Exercise objective:
Using only the entries below, copy exactly the lines that begin at the one with "About the Titlis" and end at the one with "Για Garmin Fenix", both included. Drop the pictures.

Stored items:
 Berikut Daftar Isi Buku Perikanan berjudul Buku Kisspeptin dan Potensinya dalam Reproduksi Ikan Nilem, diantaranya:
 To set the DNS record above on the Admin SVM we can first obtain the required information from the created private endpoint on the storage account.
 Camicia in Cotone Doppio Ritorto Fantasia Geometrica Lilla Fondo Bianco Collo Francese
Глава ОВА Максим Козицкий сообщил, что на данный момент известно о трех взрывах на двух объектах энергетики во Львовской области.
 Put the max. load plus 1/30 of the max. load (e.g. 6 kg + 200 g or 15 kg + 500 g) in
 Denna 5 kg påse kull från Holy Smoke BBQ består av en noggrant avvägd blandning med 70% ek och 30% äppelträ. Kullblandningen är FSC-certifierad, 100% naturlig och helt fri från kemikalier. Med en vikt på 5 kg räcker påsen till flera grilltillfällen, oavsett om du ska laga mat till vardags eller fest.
--
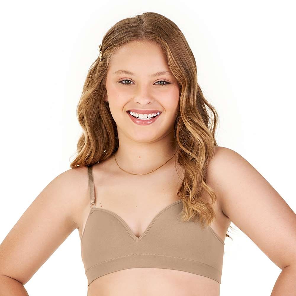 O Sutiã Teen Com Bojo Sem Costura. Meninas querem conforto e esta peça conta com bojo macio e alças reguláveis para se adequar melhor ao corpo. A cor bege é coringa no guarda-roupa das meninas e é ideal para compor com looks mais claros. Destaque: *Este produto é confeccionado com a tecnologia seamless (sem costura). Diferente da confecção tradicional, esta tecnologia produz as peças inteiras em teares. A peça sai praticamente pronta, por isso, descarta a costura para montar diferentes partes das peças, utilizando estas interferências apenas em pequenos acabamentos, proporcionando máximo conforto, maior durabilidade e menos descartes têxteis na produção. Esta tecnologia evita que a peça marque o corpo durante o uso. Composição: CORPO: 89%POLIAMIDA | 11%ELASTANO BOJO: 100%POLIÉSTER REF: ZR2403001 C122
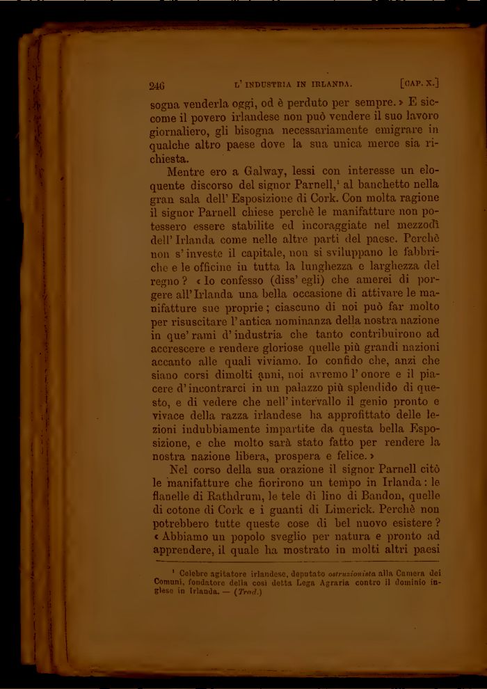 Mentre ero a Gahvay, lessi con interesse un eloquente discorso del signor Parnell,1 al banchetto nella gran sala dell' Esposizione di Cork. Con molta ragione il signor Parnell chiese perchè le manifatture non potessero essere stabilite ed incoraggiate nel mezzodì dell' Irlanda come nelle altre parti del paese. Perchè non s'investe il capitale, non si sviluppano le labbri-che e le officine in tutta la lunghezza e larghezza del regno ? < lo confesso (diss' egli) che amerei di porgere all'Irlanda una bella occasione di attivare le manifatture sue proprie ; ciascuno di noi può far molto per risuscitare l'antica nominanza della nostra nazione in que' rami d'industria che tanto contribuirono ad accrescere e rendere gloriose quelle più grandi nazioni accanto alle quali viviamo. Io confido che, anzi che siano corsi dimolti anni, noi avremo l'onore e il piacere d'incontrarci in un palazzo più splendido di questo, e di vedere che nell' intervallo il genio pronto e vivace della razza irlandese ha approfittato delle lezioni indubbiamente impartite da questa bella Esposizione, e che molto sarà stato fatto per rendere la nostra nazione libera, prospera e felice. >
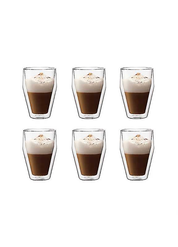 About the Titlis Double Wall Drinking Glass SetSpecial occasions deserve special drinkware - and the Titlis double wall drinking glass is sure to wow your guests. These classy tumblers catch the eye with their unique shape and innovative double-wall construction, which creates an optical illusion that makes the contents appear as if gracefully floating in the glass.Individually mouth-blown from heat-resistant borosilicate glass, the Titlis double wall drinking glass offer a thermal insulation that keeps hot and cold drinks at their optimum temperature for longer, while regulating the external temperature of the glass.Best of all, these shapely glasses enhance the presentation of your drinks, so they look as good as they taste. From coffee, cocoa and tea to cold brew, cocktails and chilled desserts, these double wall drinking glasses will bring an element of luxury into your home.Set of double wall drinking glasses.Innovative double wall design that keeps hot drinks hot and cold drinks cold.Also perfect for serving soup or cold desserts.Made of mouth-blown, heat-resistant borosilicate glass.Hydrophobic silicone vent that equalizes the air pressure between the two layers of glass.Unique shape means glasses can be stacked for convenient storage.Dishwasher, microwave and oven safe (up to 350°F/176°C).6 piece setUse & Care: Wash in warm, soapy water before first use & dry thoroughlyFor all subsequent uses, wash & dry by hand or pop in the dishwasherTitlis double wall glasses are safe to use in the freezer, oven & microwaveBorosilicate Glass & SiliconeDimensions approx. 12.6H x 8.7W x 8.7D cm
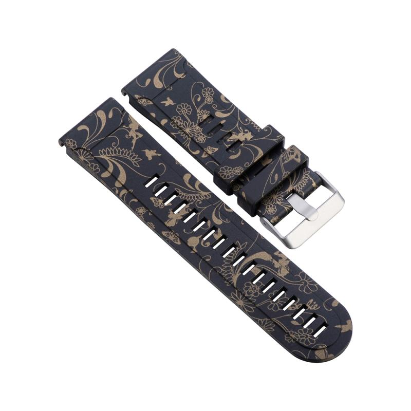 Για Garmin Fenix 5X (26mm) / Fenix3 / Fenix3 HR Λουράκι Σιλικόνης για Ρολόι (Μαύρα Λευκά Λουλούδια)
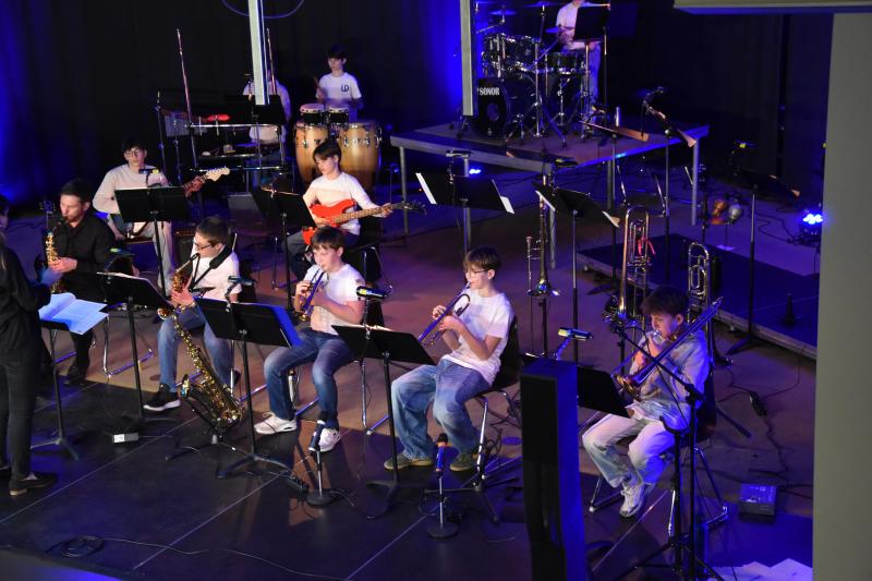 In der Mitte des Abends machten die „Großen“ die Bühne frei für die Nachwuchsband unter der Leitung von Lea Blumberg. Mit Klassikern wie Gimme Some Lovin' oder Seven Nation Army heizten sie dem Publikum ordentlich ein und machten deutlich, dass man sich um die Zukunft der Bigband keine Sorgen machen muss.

Task response:
 About the Titlis Double Wall Drinking Glass SetSpecial occasions deserve special drinkware - and the Titlis double wall drinking glass is sure to wow your guests. These classy tumblers catch the eye with their unique shape and innovative double-wall construction, which creates an optical illusion that makes the contents appear as if gracefully floating in the glass.Individually mouth-blown from heat-resistant borosilicate glass, the Titlis double wall drinking glass offer a thermal insulation that keeps hot and cold drinks at their optimum temperature for longer, while regulating the external temperature of the glass.Best of all, these shapely glasses enhance the presentation of your drinks, so they look as good as they taste. From coffee, cocoa and tea to cold brew, cocktails and chilled desserts, these double wall drinking glasses will bring an element of luxury into your home.Set of double wall drinking glasses.Innovative double wall design that keeps hot drinks hot and cold drinks cold.Also perfect for serving soup or cold desserts.Made of mouth-blown, heat-resistant borosilicate glass.Hydrophobic silicone vent that equalizes the air pressure between the two layers of glass.Unique shape means glasses can be stacked for convenient storage.Dishwasher, microwave and oven safe (up to 350°F/176°C).6 piece setUse & Care: Wash in warm, soapy water before first use & dry thoroughlyFor all subsequent uses, wash & dry by hand or pop in the dishwasherTitlis double wall glasses are safe to use in the freezer, oven & microwaveBorosilicate Glass & SiliconeDimensions approx. 12.6H x 8.7W x 8.7D cm
 Για Garmin Fenix 5X (26mm) / Fenix3 / Fenix3 HR Λουράκι Σιλικόνης για Ρολόι (Μαύρα Λευκά Λουλούδια)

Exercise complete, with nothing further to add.